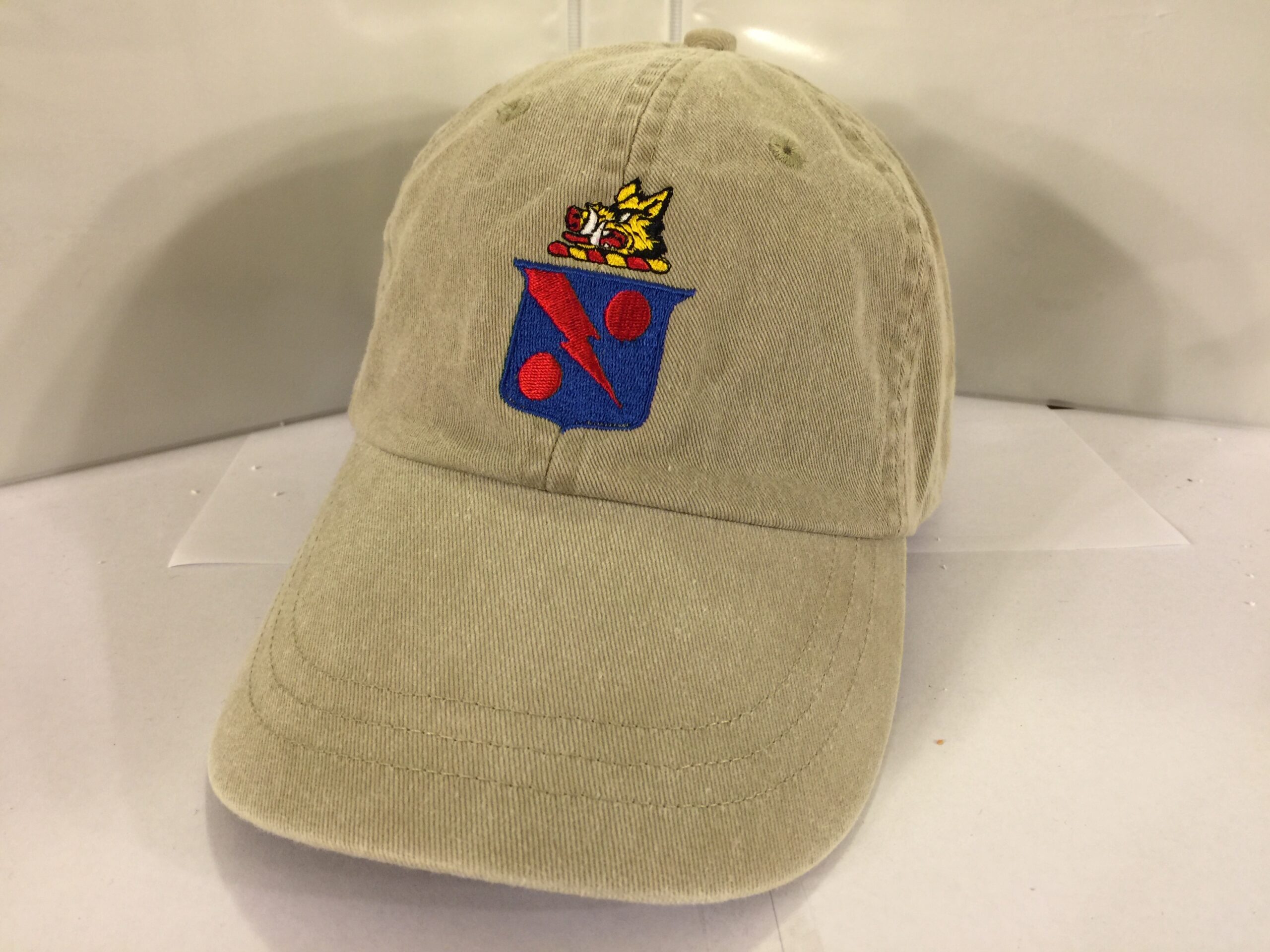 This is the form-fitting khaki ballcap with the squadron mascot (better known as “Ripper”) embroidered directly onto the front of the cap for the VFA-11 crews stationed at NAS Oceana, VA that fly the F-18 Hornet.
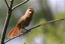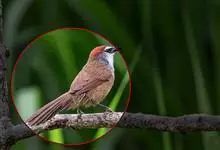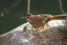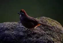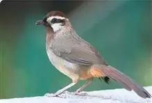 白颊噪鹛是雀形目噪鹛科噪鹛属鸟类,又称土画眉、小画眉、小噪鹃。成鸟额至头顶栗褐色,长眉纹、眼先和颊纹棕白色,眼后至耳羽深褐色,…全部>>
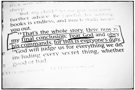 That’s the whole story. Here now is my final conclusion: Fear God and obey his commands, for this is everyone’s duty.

################

Task description >> Copy the listing exactly. Any image in it stays out of the copy.

Task response >>
 This is the form-fitting khaki ballcap with the squadron mascot (better known as “Ripper”) embroidered directly onto the front of the cap for the VFA-11 crews stationed at NAS Oceana, VA that fly the F-18 Hornet.
 白颊噪鹛是雀形目噪鹛科噪鹛属鸟类,又称土画眉、小画眉、小噪鹃。成鸟额至头顶栗褐色,长眉纹、眼先和颊纹棕白色,眼后至耳羽深褐色,…全部>>
 That’s the whole story. Here now is my final conclusion: Fear God and obey his commands, for this is everyone’s duty.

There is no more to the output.